С позиции изложенных воззрений Зеньковский конструирует концепцию историко-культурного процесса и соотношение культур Запада и Востока. При рассмотрении его философии культуры бросаются в глаза присущие ей черты эсхатологизма. Формирование новой европейской культуры (в значительной мере секулярной), начавшееся в ходе революции XVI—XVIII вв. и ломки многовекового феодального уклада, такими религиозными мыслителями, как Жозеф де Местр, воспринималось как верный признак гибели мира. Кризисная ситуация в европейской культуре в конце XIX — первой половине XX века также стала глубинной причиной возрождения эсхатологизма. Данная тенденция ярко проявилась у многих представителей русской религиозно-философской мысли, включая Д. Мережковского, С. Булгакова, Н. Бердяева, Л. Карсавина и, конечно, В. Зеньковского.
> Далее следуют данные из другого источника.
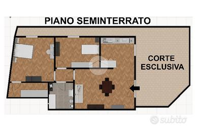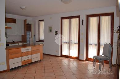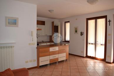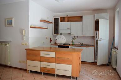L'ingresso si apre su una luminosa zona giorno, dove cucina e soggiorno si uniscono in un ambiente armonioso e già completamente arredato, pronto per essere abitato fin da subito.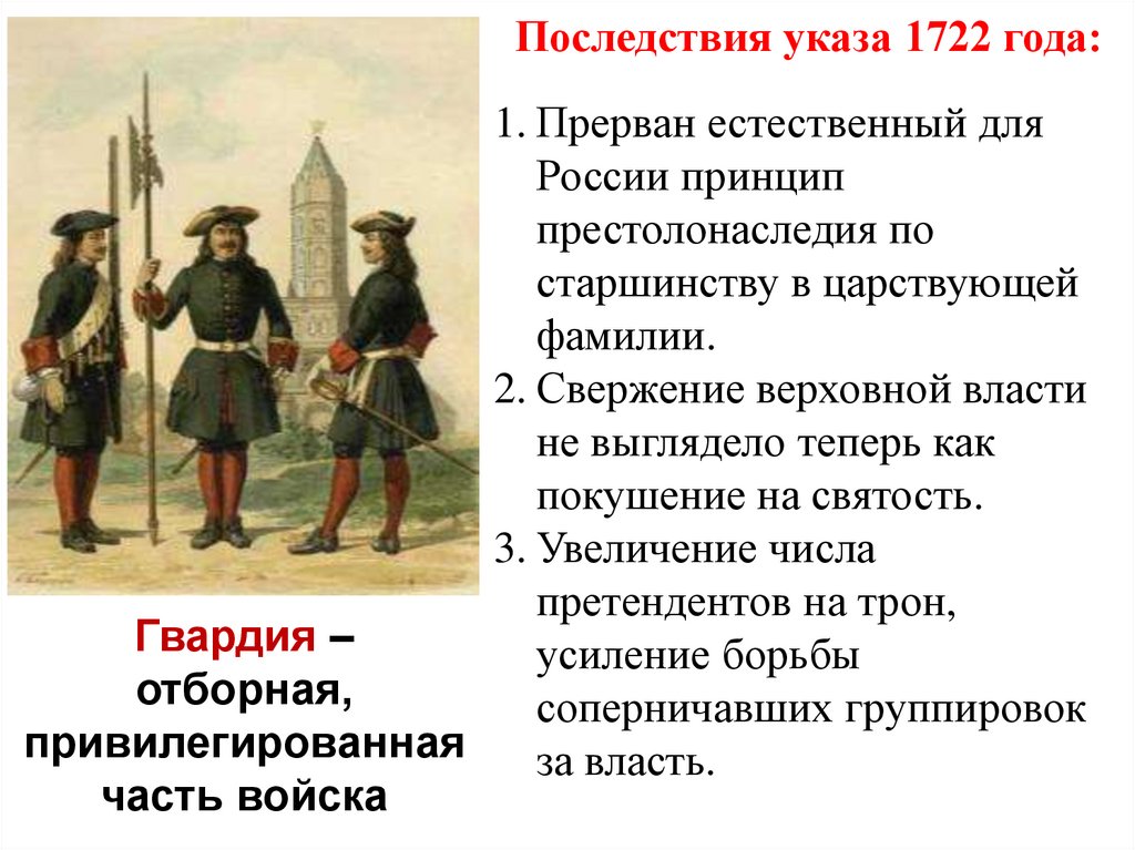 - Высокая роль гвардии при дворе.

Болезнь современной культуры связывается у Зеньковского с двумя прошедшими мировыми войнами и установлением в Европе тоталитарных режимов. Будучи безрелигиозной и внецерковной, она при всем богатстве ее внешних проявлений растеряла свое единство и отсюда ощущение человеком утраты своей уверенности в настоящем и будущем.

Истоки секулярной культуры, по Зеньковскому, восходят к IV веку, когда в Европе церковь, начав борьбу с государством за политическую власть, тем самым обрекла христианские ценности на обмирщение. Произошел процесс огосударствления церкви. Причину возникновения «нейтральной» (по отношению к религиозным ценностям) культуры он видит также в одностороннем восприятии античного наследия христианством, в результате чего развитие последнего уклонилось от истинного пути.

Как полагает Зеньковский, основной чертой «нейтральной» культуры является секулярный гуманизм, включающий в себя веру в могущество и всесильность науки и техники, культ индивидуализма, эстетический аморализм, т. е. Растущую конфронтацию эстетических ценностей и морали. Аналогичные оценки русской и европейской культуры высказывали и другие мыслители послеоктябрьского зарубежья. Н А. Бердяев писал о «кризисе гуманизма», С.Л. Франк — о «крушении кумиров», И.А. Ильин — о «кризисе безбожия».

При всем отрицательном отношении Зеньковского к секуляризированной культуре он, тем не менее, обнаруживает в ней определенный положительный смысл. Во-первых, так или иначе у Зеньковского прослеживается мысль, что светская культура есть результат и проявление относительного социального прогресса. Во-вторых, и в современной культуре выражена, как он полагает, имманентная религиозность, имеющая потенциальную возможность перерасти в религиозность трансцендентную.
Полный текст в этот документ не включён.